** GIVEN DATA **
BEGIN

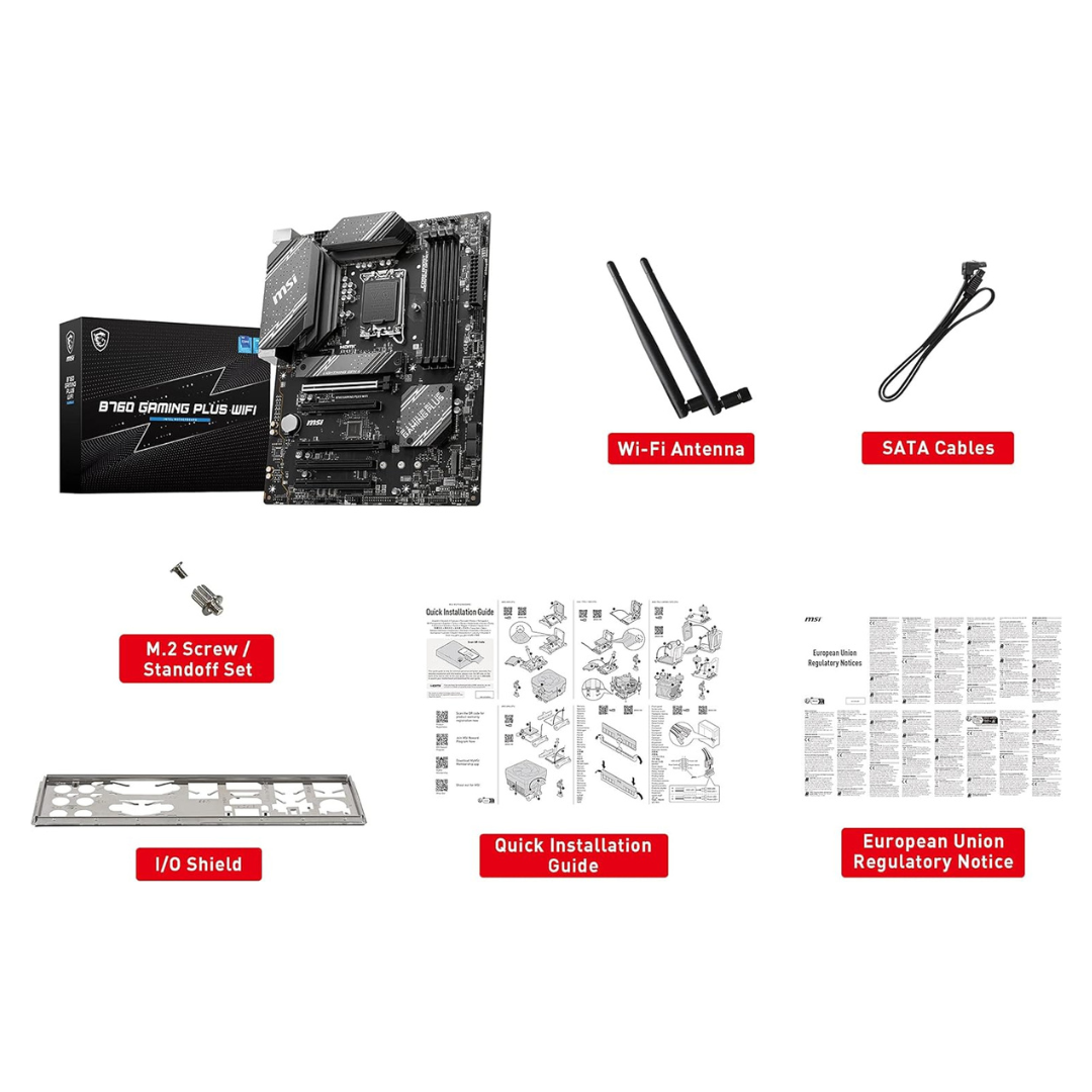 MSI B760 Gaming Plus WIFI ATX Gaming Motherboard – Supports 12th/13th Gen Intel Processors, LGA 1700, DDR5, PCIe 4.0, M.2, 2.5Gbps LAN, USB 3.2 Gen2, Wi-Fi 6E
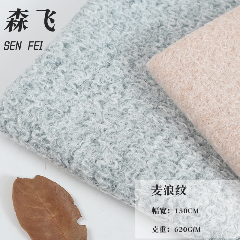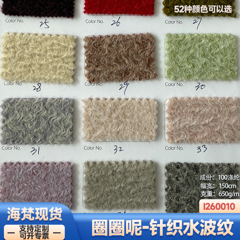 现货|620克针织刺毛波浪纹单面圈圈呢服装大衣外套鞋帽箱包裤面料
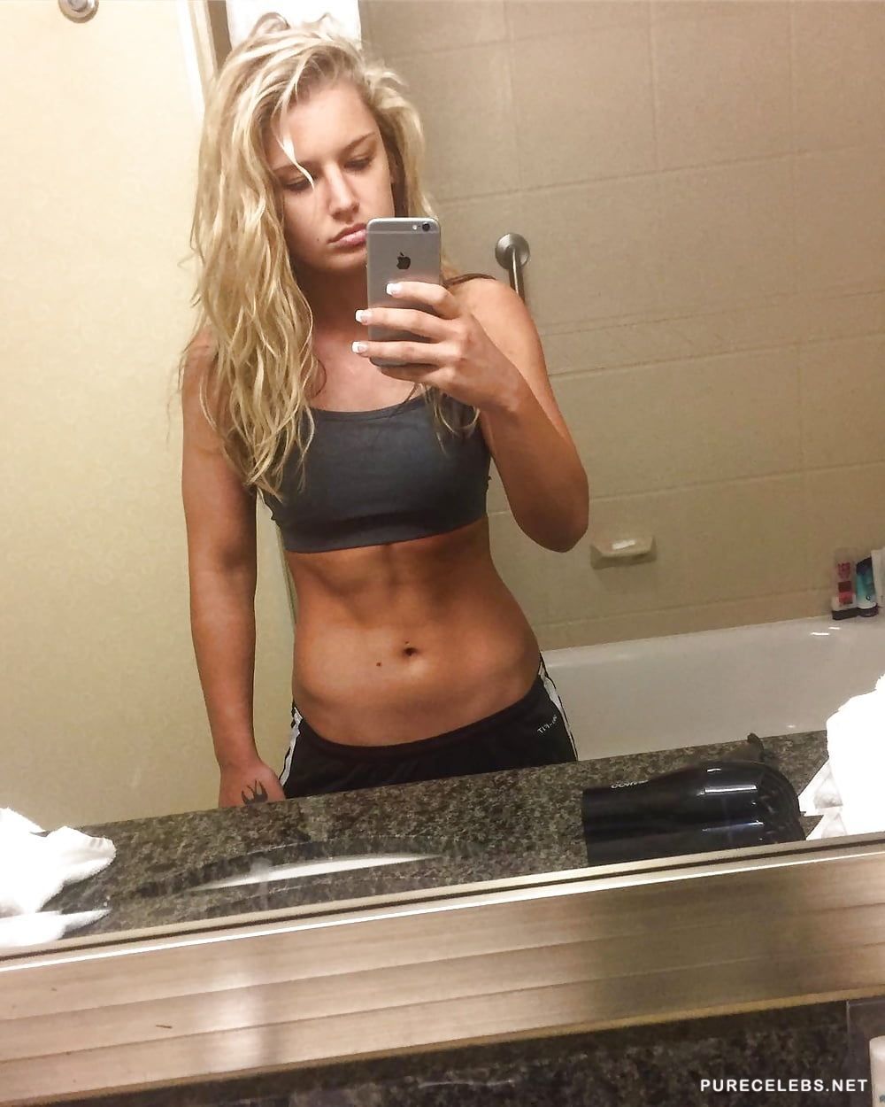 Look at this sexy blonde babe, Toni Storm and then imagine that she is a professional, Australian wrestler!! Shocked? That explains those abs and hot, firm butt she likes including in her selfies in the case that some of them get leaked and people get to see them, just like we are doing here. There is also a small tattoo this babe has on her palm, but ass looks better.

END

** TASK BRIEF **
Retype all of the material above precisely as it reads. Pictures are not part of the copy.

** EXERCISE OUTPUT **
 MSI B760 Gaming Plus WIFI ATX Gaming Motherboard – Supports 12th/13th Gen Intel Processors, LGA 1700, DDR5, PCIe 4.0, M.2, 2.5Gbps LAN, USB 3.2 Gen2, Wi-Fi 6E
 现货|620克针织刺毛波浪纹单面圈圈呢服装大衣外套鞋帽箱包裤面料
 Look at this sexy blonde babe, Toni Storm and then imagine that she is a professional, Australian wrestler!! Shocked? That explains those abs and hot, firm butt she likes including in her selfies in the case that some of them get leaked and people get to see them, just like we are doing here. There is also a small tattoo this babe has on her palm, but ass looks better.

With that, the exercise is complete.